Natural Selection of Bacteria

• There are numerous examples of bacteria rapidly evolving. Antibiotics were not employed in medical practice until the 1940s. Antibiotics were eventually shown to be effective against the majority of harmful microorganisms. Bacterial resistance to one or more antibiotics has increased since then, to the point where previously effective drugs are no longer effective against particular germs.

• Although this method can occur, most occurrences of antibiotic resistance in harmful bacteria are not the consequence of a mutation that affects the protein that the antibiotic assaults. Antibiotic resistance is frequently caused by bacteria producing enzymes that modify the antibiotic and render it inert. Transmissible plasmids, which transmit the genes for drug-inactivating enzymes from one bacterial species to another, are a crucial component in the spread of antibiotic resistance. Although the origin of the gene for these enzymes is unknown, mobile genetic elements (transposons) may have influenced their appearance and allowed them to be transferred to other bacteria.

Did You Know?

Thermotogae bacteria are thermophilic or hyperthermophilic, gram-negative staining, anaerobic bacteria that can thrive near hydrothermal vents with temperatures ranging from 55 to 95 degrees Celsius.

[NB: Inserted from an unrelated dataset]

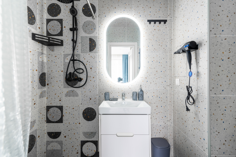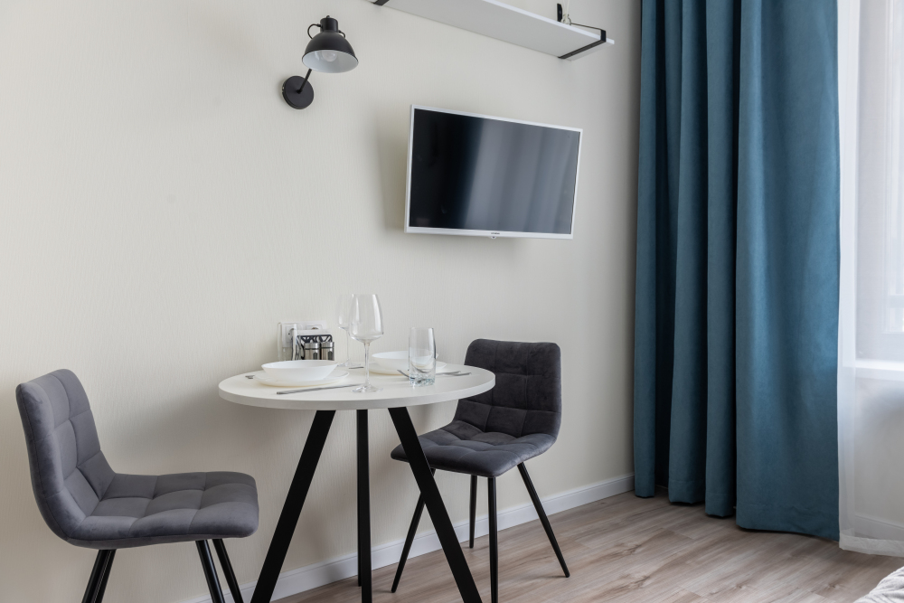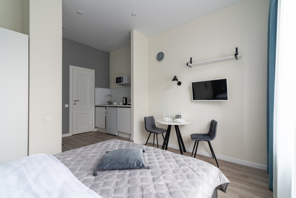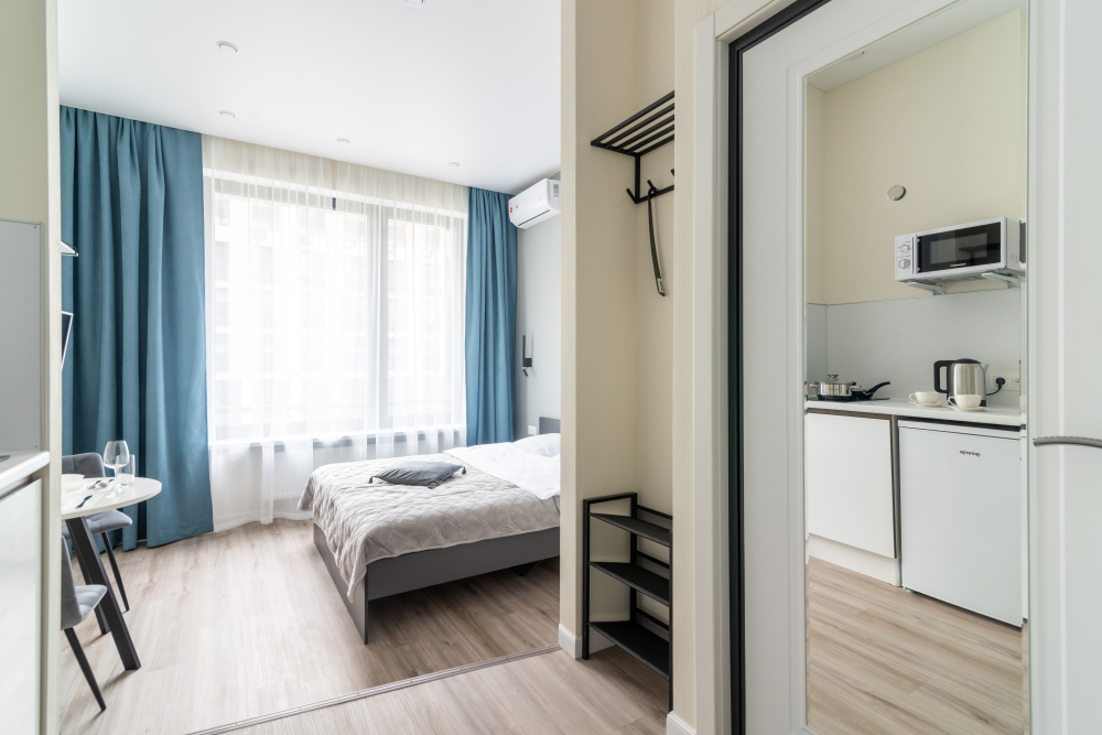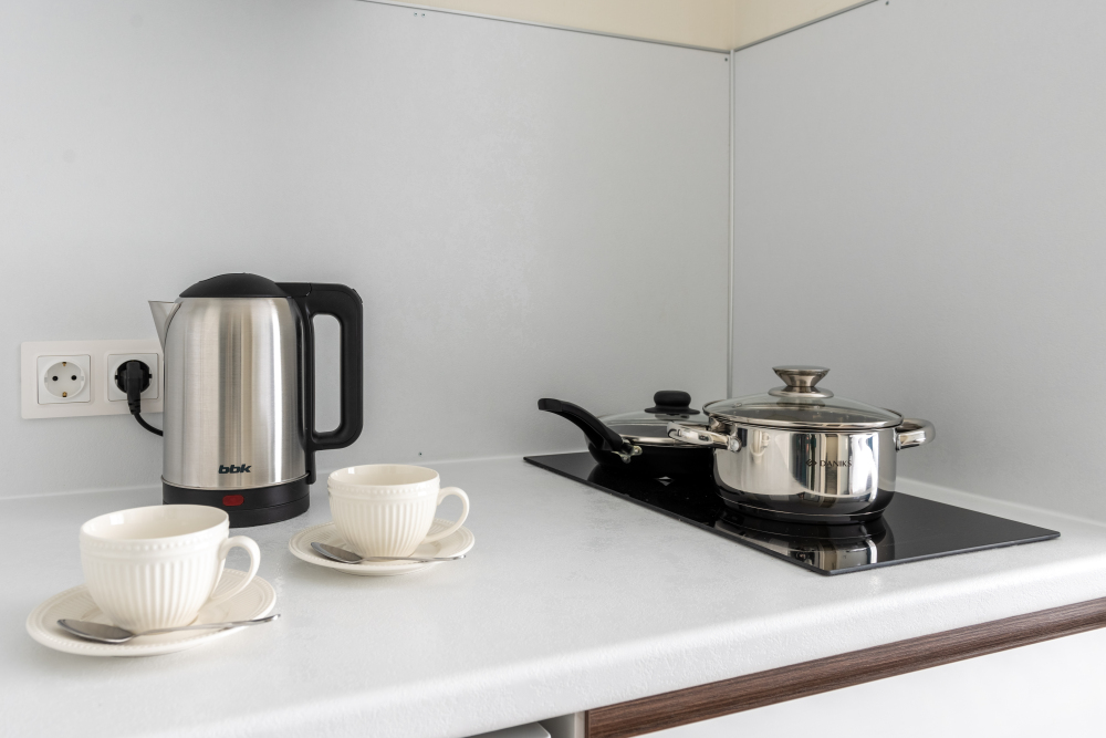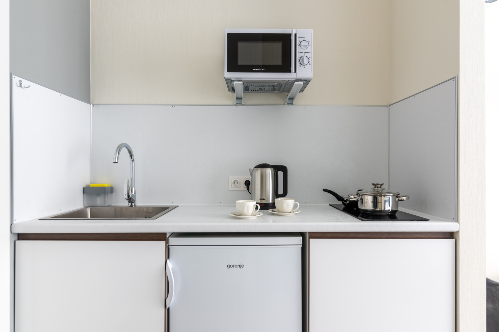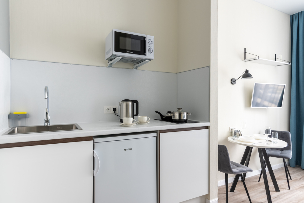 Оснащение: телевизор, кухонная зона, холодильник, электрический чайник, микроволновая печь, фен.

They're regarded to be among life's earliest forms. These species were discovered near ancient hydrothermal vents in the Australian Apex Chert.  These fossils are likely to have belonged to early thermophilic bacteria and date back 3.46 billion years. This is due to the fact that these organisms do not require oxygen to exist, an element that was not abundant in Earth's early atmosphere. Furthermore, surviving species such as Thermotoga neapolitana, which resembles its ancestral form and still lives near these vents, have been used as evidence by some scientists to support this view.